Corbeil is a defunct trade name that has been used in bus manufacturing. From 1936 to 1975, J.H. Corbeil was a manufacturer of bus bodies; Les Enterprises Michel Corbeil was a body manufacturer that specialized primarily in school buses, opened from 1985 to 2007. In 2007, the company was acquired out of bankruptcy by Collins Industries and renamed Corbeil Bus Corporation. Serving as the Canadian equivalent of Collins Bus Corporation, manufacturing was shifted from Quebec to Hutchinson, Kansas.

Prior to its 2007 shift to Kansas, Corbeil manufacturing was located in Saint-Lin–Laurentides, Quebec, Canada.

Following the 2013 discontinuation of manufacturer Mid Bus, Collins ended the use of the Corbeil name after 2015 in favor of using its namesake brand on its vehicles across North America.

History

1936-1975: J.H. Corbeil 
Corbeil traces its roots to 1936, when Joseph Henri Corbeil founded J.H. Corbeil.

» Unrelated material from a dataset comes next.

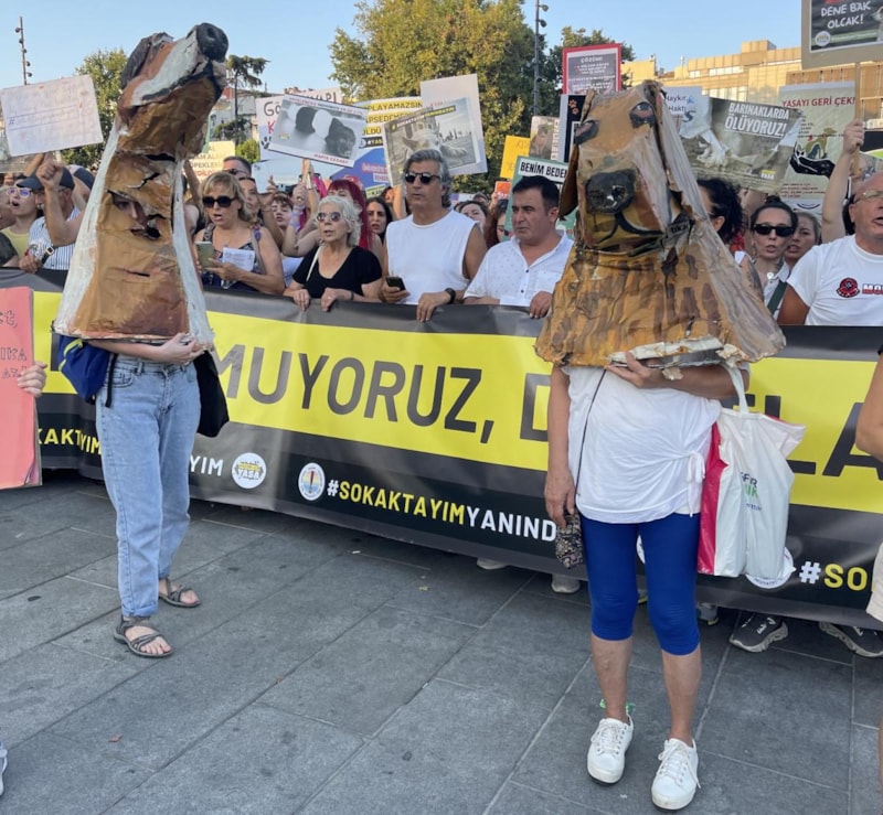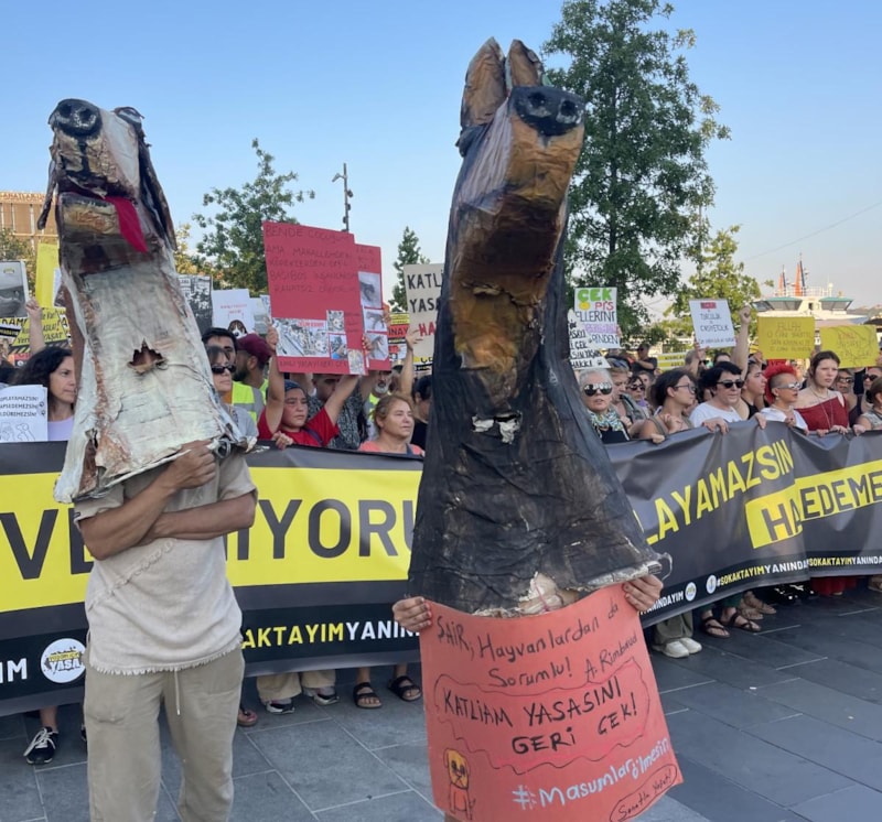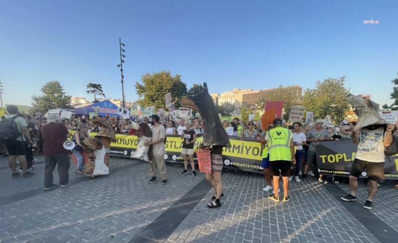 Başıboş sokak köpeklerinin toplum güvenliğini tehdit etmesine engel olmak için TBMM'de görüşülen düzenlemeye karşı çıkan hayvan dernekleri üyeleri düzenledikleri protestoda köpek maskeleri taktı.
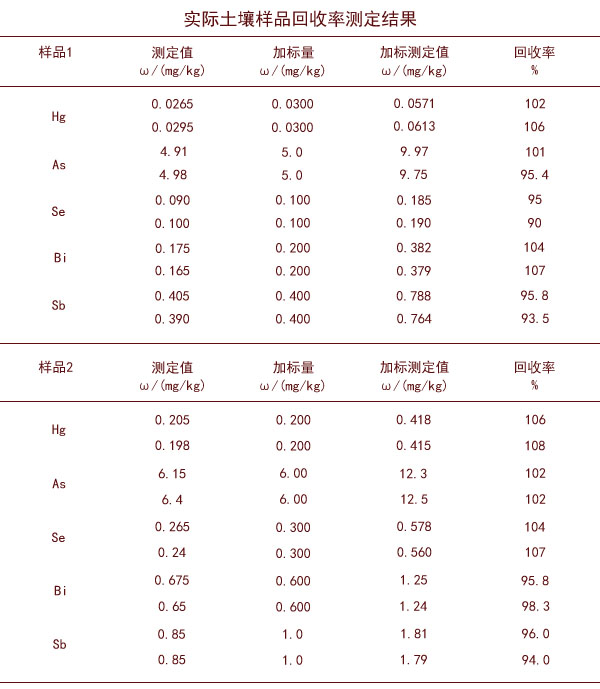 由表(實際土壤樣品消解測定回收率結果)可見,加標回收率均在90%~110%,結果符合相關要求。

Located in St-Lin-Laurentides, the company was a manufacturer of bodies for trucks and buses, shifting to bus body production in 1956. 

Following the 1960 death of Joseph Corbeil, control of J.H. Corbeil shifted to his sons, including Michel Corbeil. During the late 1960s, the company held nearly two-thirds market share of bus body production in Quebec and eastern Canadian provinces. To accommodate increased demand, J.H. Corbeil introduced a larger manufacturing facility in St-Lin-Laurentides (next door to the first factory). 

In 1975 J.H. Corbeil was sold to the Canadian division of Blue Bird, which was converted to manufacture their products under the "Blue Bird Québec" plant name. However, due to the reducing demand, the company closed the plant in the early 1980s, and consolidated its operations at their main plant near Brantford, Ontario.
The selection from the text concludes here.